*YOUR ASSIGNMENT*
Without carrying over a single picture, write out the records below exactly.

*RECORDS SUPPLIED*
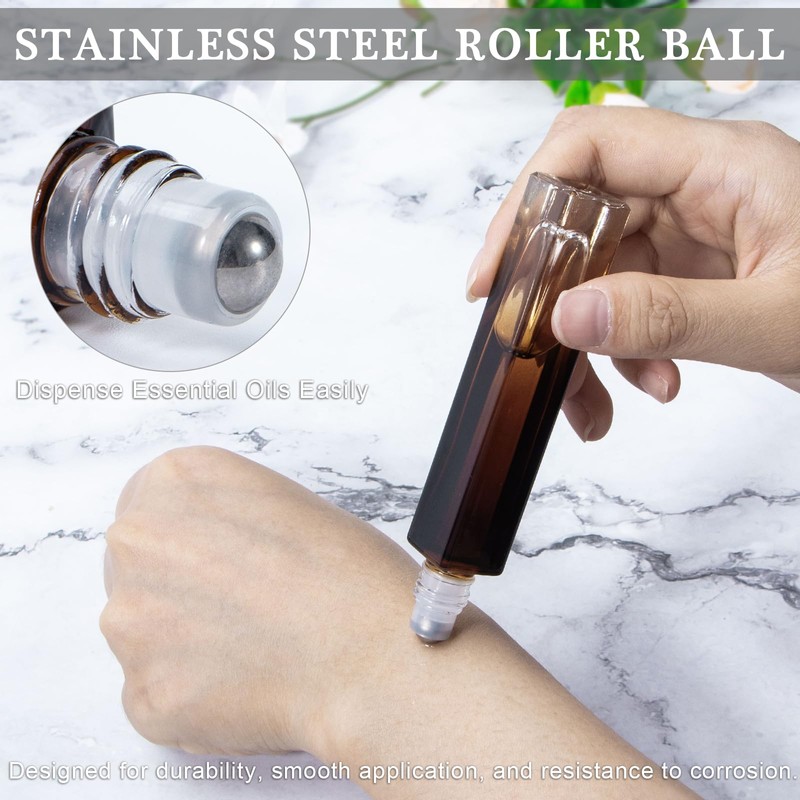 Yebeauty Square Perfume Rollerball Empty, Mini Roller Ball Container for Deodorants, Perfumes and Lip Balms(Amber Gradient Glass, 0.33oz, 12 Pack Roller on Bottles, 1 Opener, 2 Funnels, 2 Droppers)
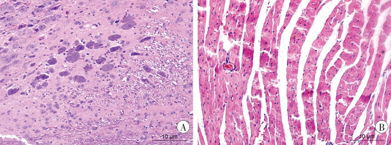 | 图2 急性过劳死组大鼠的组织病理学改变(HE×40) A:脑干;B:左心室心肌。 |
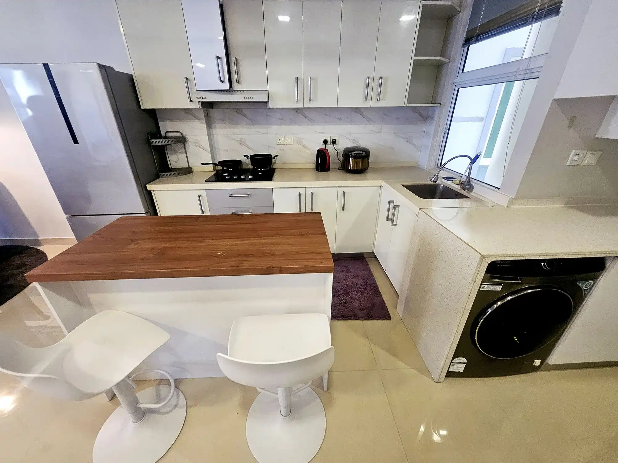 The apartment features an open kitchen layout with a dedicated laundry area, and is fully air-conditioned. Ideal for couples or small families looking for a fresh and functional living space in a well-connected area of Hulhumale’.
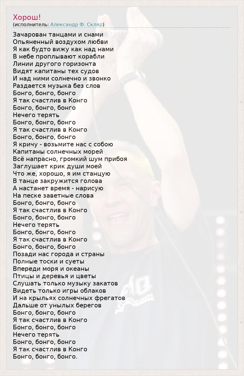 Зачарован танцами и снами Опьяненный воздухом любви Я как будто вижу как над нами В небе проплывают корабли Линии другого горизонта Видят капитаны тех судов И над ними солнечно и звонко Раздается музыка без слов Бонго, бонго, бонго Я так счастлив в Конго Бонго, бонго, бонго Нечего терять Бонго, бонго, бонго Я так счастлив в Конго Бонго, бонго, бонго Я кричу - возьмите нас с собою Капитаны солнечных морей Всё напрасно, громкий шум прибоя Заглушает крик души моей Что же, хорошо, я им станцую В танце закружится голова А настанет время - нарисую На песке заветные слова Бонго, бонго, бонго Я так счастлив в Конго Бонго, бонго, бонго Нечего терять Бонго, бонго, бонго Я так счастлив в Конго Бонго, бонго, бонго Позади нас города и страны Полные тоски и суеты Впереди моря и океаны Птицы и деревья и цветы Слушать только музыку закатов Видеть только игры облаков И на крыльях солнечных фрегатов Дальше от унылых берегов Бонго, бонго, бонго Я так счастлив в Конго Бонго, бонго, бонго Нечего терять Бонго, бонго, бонго Я так счастлив в Конго Бонго, бонго, бонго.
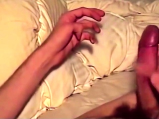Skinny guy jerking huge cock
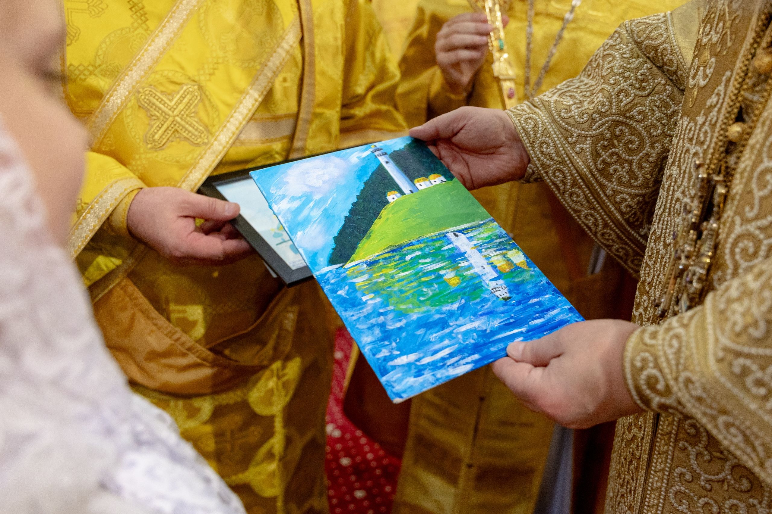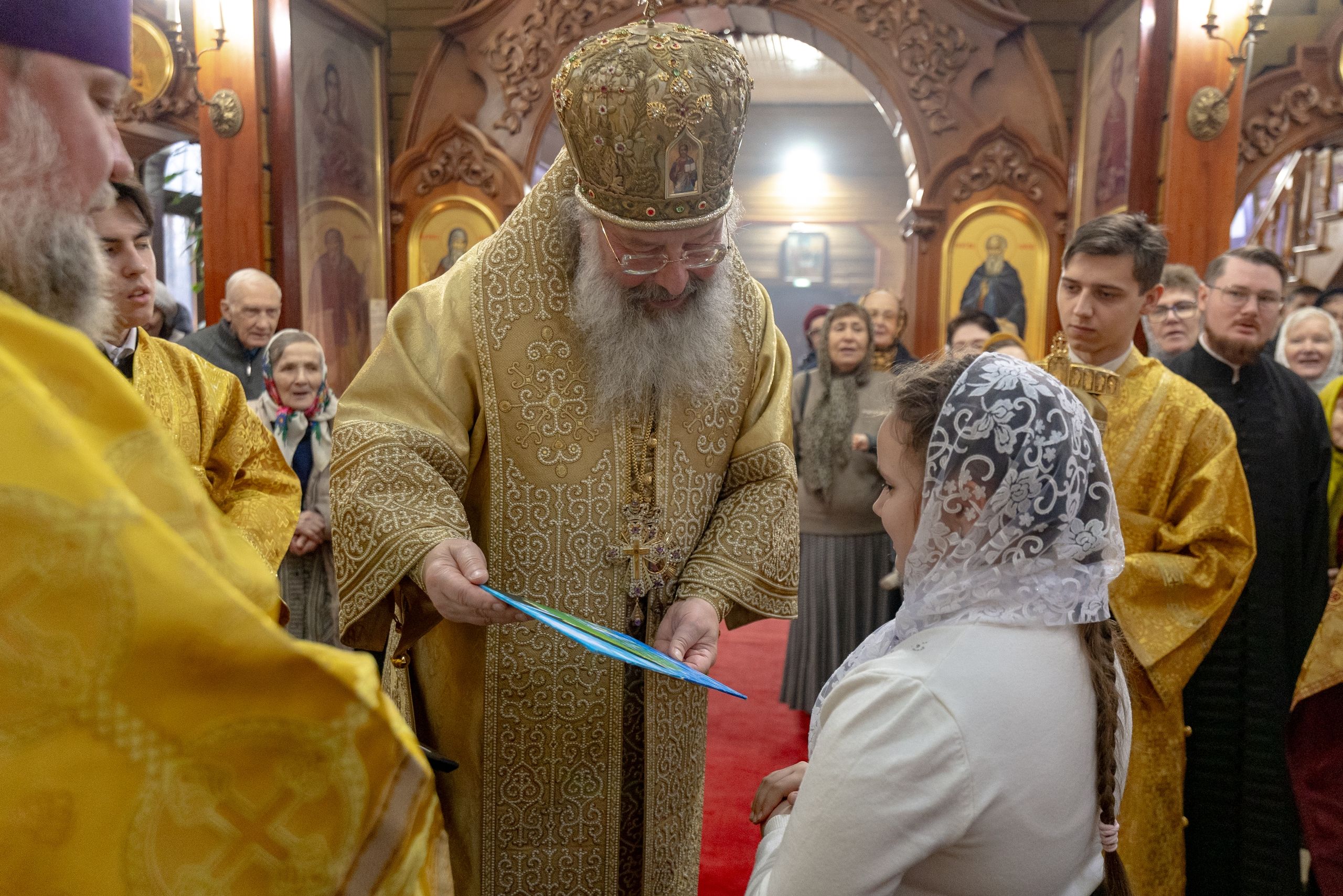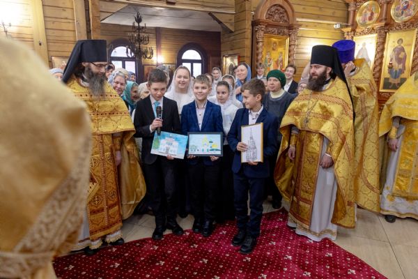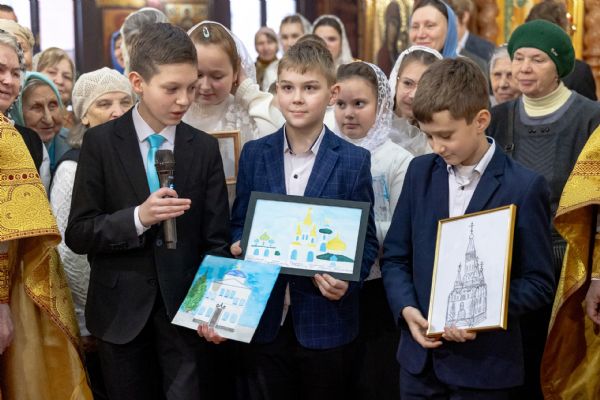 Митрополит Кирилл тепло поприветствовал певчих детского хора Боголюбского храма города Пушкино и руководителя коллектива матушку Надежду Клименко. Дети вручили архипастырю подарки ручной работы.

*WRITTEN SOLUTION*
 Yebeauty Square Perfume Rollerball Empty, Mini Roller Ball Container for Deodorants, Perfumes and Lip Balms(Amber Gradient Glass, 0.33oz, 12 Pack Roller on Bottles, 1 Opener, 2 Funnels, 2 Droppers)
 | 图2 急性过劳死组大鼠的组织病理学改变(HE×40) A:脑干;B:左心室心肌。 |
 The apartment features an open kitchen layout with a dedicated laundry area, and is fully air-conditioned. Ideal for couples or small families looking for a fresh and functional living space in a well-connected area of Hulhumale’.
 Зачарован танцами и снами Опьяненный воздухом любви Я как будто вижу как над нами В небе проплывают корабли Линии другого горизонта Видят капитаны тех судов И над ними солнечно и звонко Раздается музыка без слов Бонго, бонго, бонго Я так счастлив в Конго Бонго, бонго, бонго Нечего терять Бонго, бонго, бонго Я так счастлив в Конго Бонго, бонго, бонго Я кричу - возьмите нас с собою Капитаны солнечных морей Всё напрасно, громкий шум прибоя Заглушает крик души моей Что же, хорошо, я им станцую В танце закружится голова А настанет время - нарисую На песке заветные слова Бонго, бонго, бонго Я так счастлив в Конго Бонго, бонго, бонго Нечего терять Бонго, бонго, бонго Я так счастлив в Конго Бонго, бонго, бонго Позади нас города и страны Полные тоски и суеты Впереди моря и океаны Птицы и деревья и цветы Слушать только музыку закатов Видеть только игры облаков И на крыльях солнечных фрегатов Дальше от унылых берегов Бонго, бонго, бонго Я так счастлив в Конго Бонго, бонго, бонго Нечего терять Бонго, бонго, бонго Я так счастлив в Конго Бонго, бонго, бонго.
Skinny guy jerking huge cock
 Митрополит Кирилл тепло поприветствовал певчих детского хора Боголюбского храма города Пушкино и руководителя коллектива матушку Надежду Клименко. Дети вручили архипастырю подарки ручной работы.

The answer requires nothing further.